#### Material provided

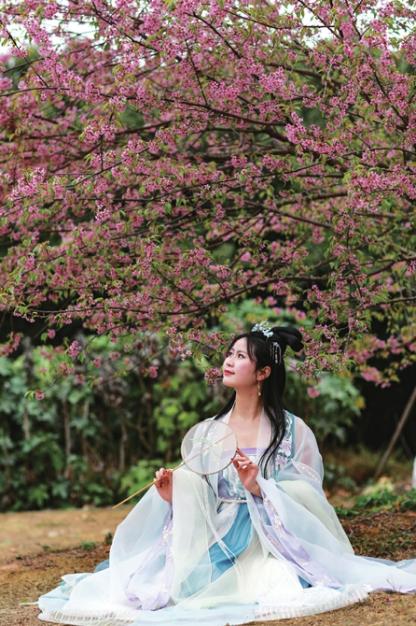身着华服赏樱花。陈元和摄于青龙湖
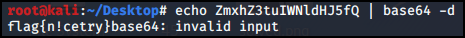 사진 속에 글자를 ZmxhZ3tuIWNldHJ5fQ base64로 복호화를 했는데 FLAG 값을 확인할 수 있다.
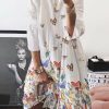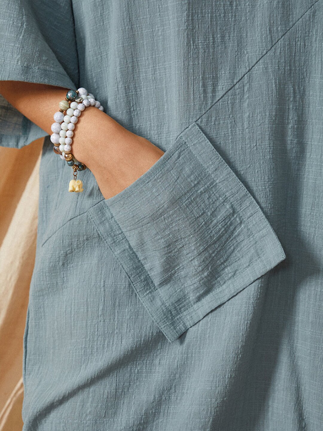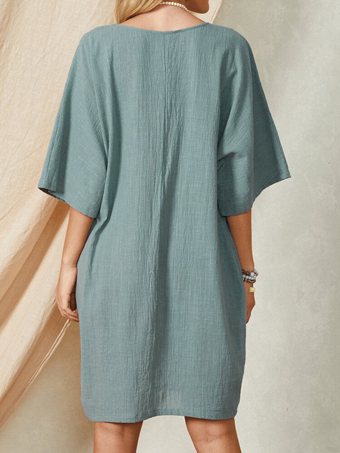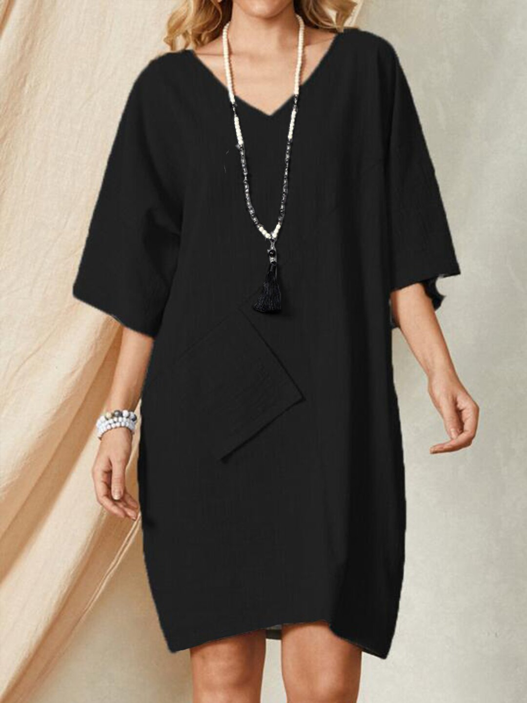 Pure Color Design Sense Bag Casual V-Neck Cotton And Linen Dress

########

What you will do:
Each line of the listing above belongs in the answer exactly as written; the pictures do not.

Completed task:
身着华服赏樱花。陈元和摄于青龙湖
 사진 속에 글자를 ZmxhZ3tuIWNldHJ5fQ base64로 복호화를 했는데 FLAG 값을 확인할 수 있다.
 Pure Color Design Sense Bag Casual V-Neck Cotton And Linen Dress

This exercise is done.